Over the last few months, I’ve started to use Weka more and more. Weka is a toolkit, written in Java, that I use to create models with which to make classifications on data sets.

It features a wide variety of different machine learning algorithms (although I’ve used the logistic regressions and Bayesian networks most) which can be trained on data in order to make classifications (or ‘predictions’) for sets of instances.

Weka comes as a GUI application and also as a library of classes for use from the command line or in Java applications. I needed to use it to create some large models and several smaller ones, and using the GUI version makes the process of training the model, testing it with data and parsing the classifications a bit clunky.

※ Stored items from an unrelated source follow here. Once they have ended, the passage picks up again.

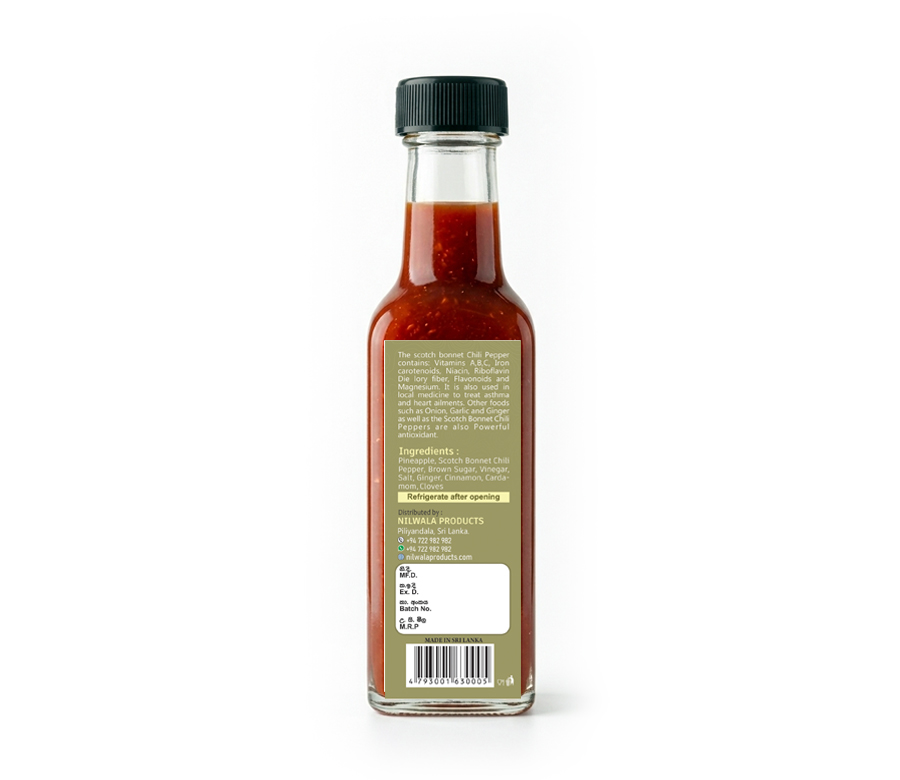 Perfect for grilling, marinating, or adding a spicy twist to your favorite dishes, Nilwala Pineapple Hot Sauce delivers a delicious and health-conscious choice with no artificial sweeteners, pigments, or preservatives.
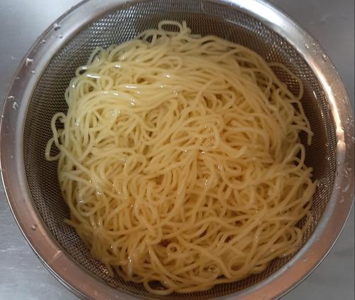 シンクにざるとボウルを用意して、茹で終わった麺を流水・氷水で冷やす。
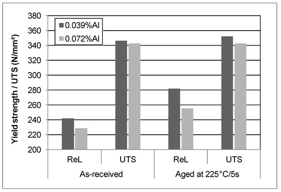 Low-carbon CQ strips generally contain about 0.032% Al for deoxidization and the removal of solute nitrogen. A CA low-carbon strip with double the amount of nominal Al content was selected for tensile tests to study its ageing response. The as-received material showed a small YPE of less than 0.5%, likely due to room-temperature ageing. A simulated paint-curing treatment was carried out at 225 °C for 5 s, and the strip samples exhibited an average increase in yield strength of 28 N/mm² and an increase in YPE of about 2.7%. As shown in Figure 4, the continuously annealed CQ strips with 0.072% Al showed a smaller ageing effect than that of the strip samples with standard Al content. The tensile tests also revealed that the as-received samples with the increased Al content had lower yield strength but similar ultimate tensile strength (UTS) compared to the standard CQ strips.
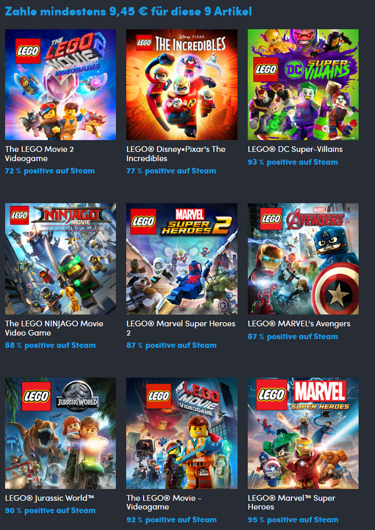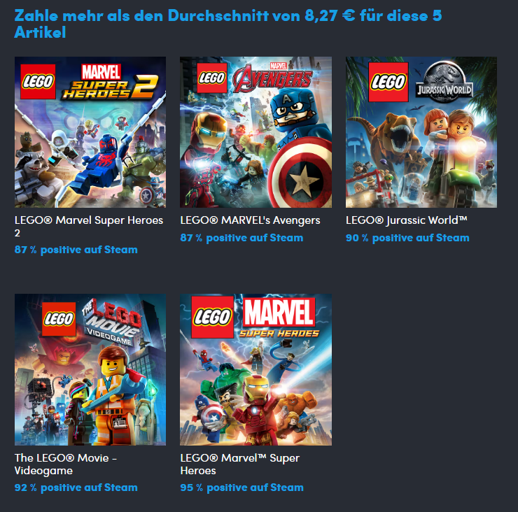 Falls ihr mehr als 8.27€ hinblättert, kommen die 3 Games LEGO Marvel Super Heroes 2, LEGO Marvel’s Avengers und LEGO Jurassic World dazu:
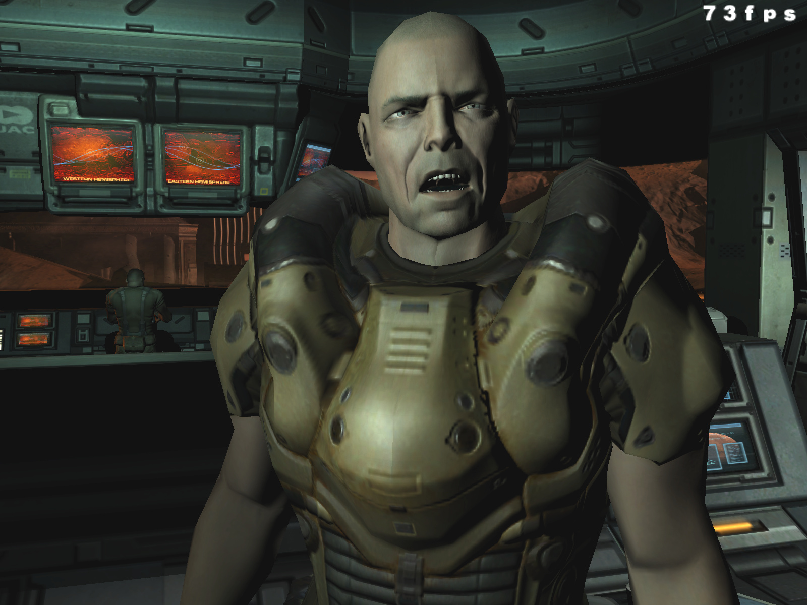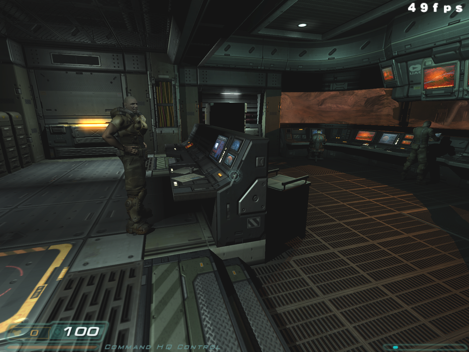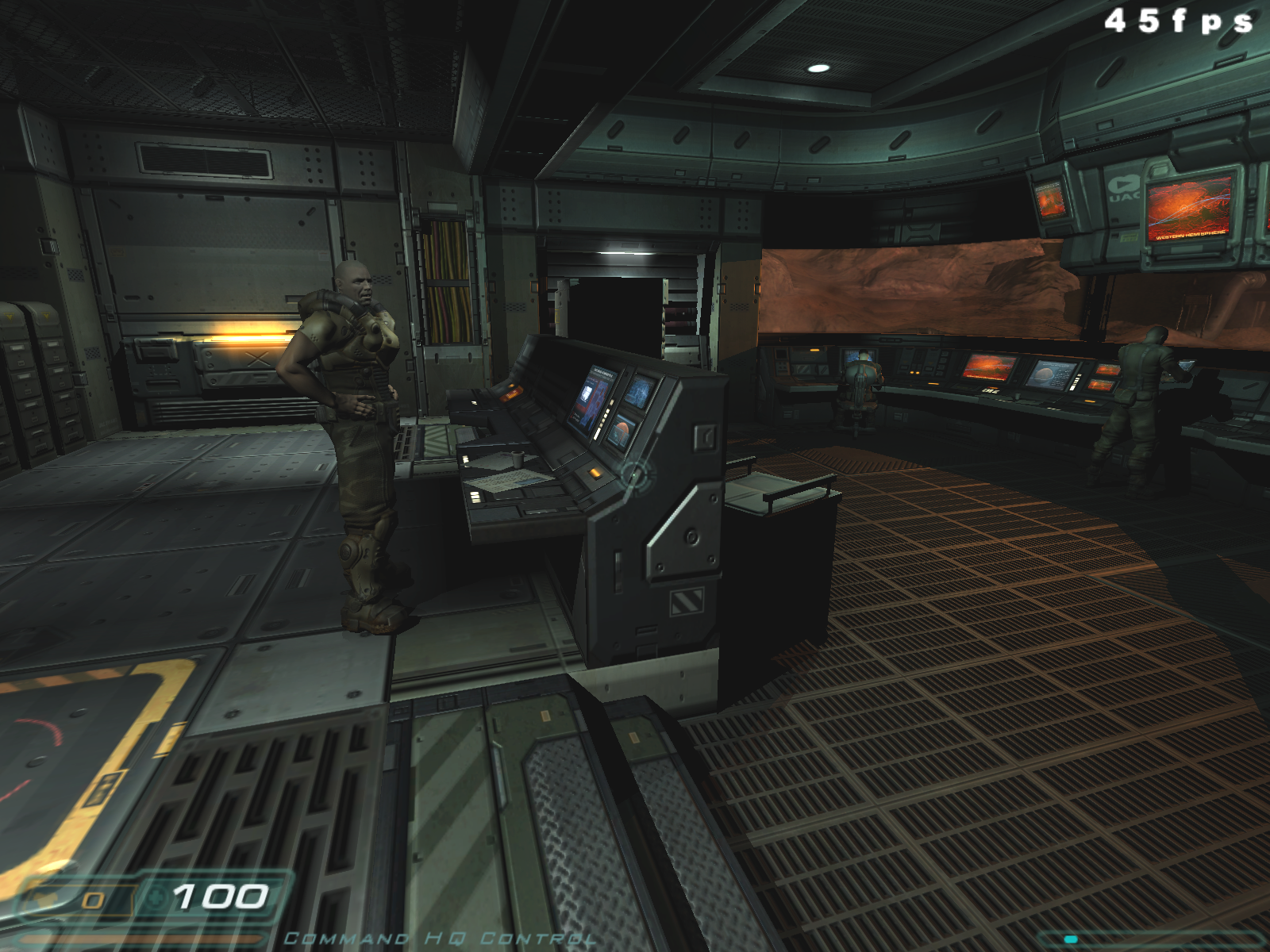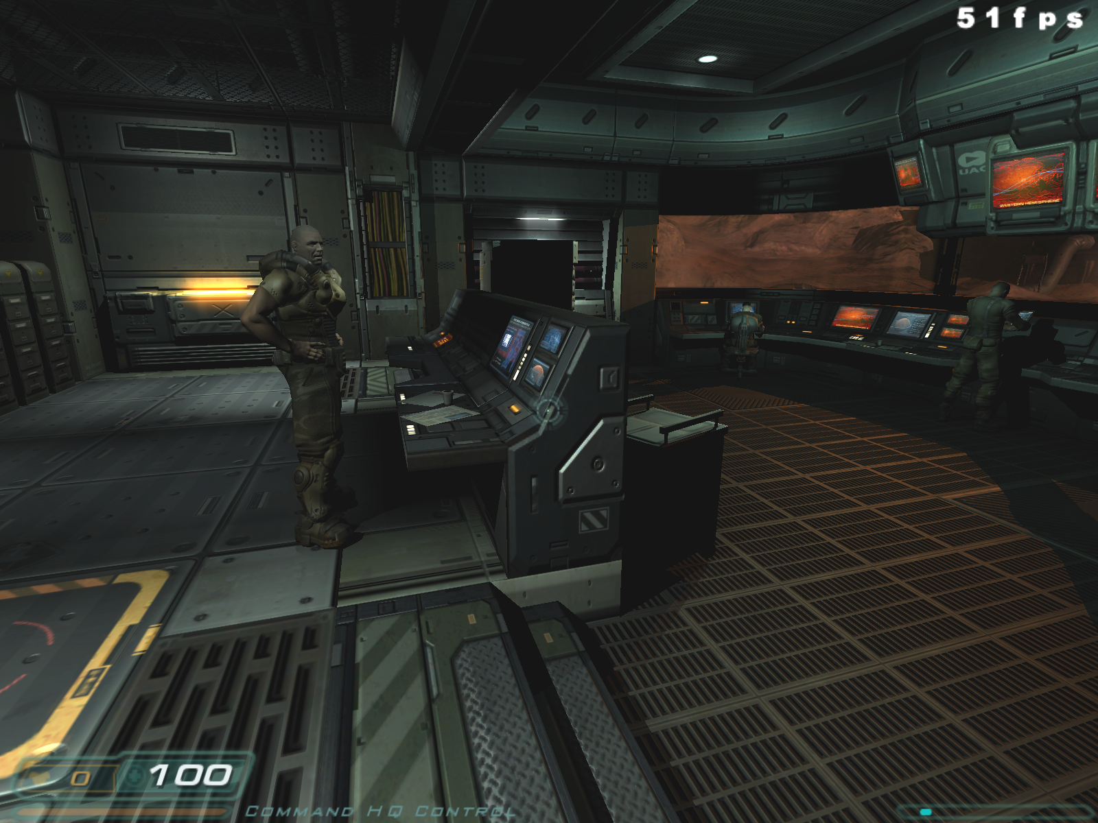 Можно сразу сказать, что в 90% случаев вы вообще не увидите никакой разницы, ибо DOOM III — это беганье в темных, страшных закоулках, которые иногда освещаются лампами, а также адским огнем, которого подчас предостаточно для полного представления логова дьявола в нашем понимании.

I needed to automate the process a bit more.

Nearly all of the development work for my PhD has been in Python, and it’d be nice to just plug in some machine learning processes over my existing code. Whilst there are some wrappers for Weka written for Python (this project, PyWeka, etc.), most of them feel unfinished, are under-documented or are essentially just instructions on how to use Jython.

So, I started work on WekaPy, a simple wrapper that allows efficient and Python-friendly integration with Weka. It basically just involves subprocesses to execute Weka from the command line, but also includes several areas of functionality aimed to provide more of a seamless and simple experience to the user.

I haven’t got round to writing proper documentation yet, but most of the current functionality is explained and demo’d through examples here. Below is an example demonstrating its ease of use.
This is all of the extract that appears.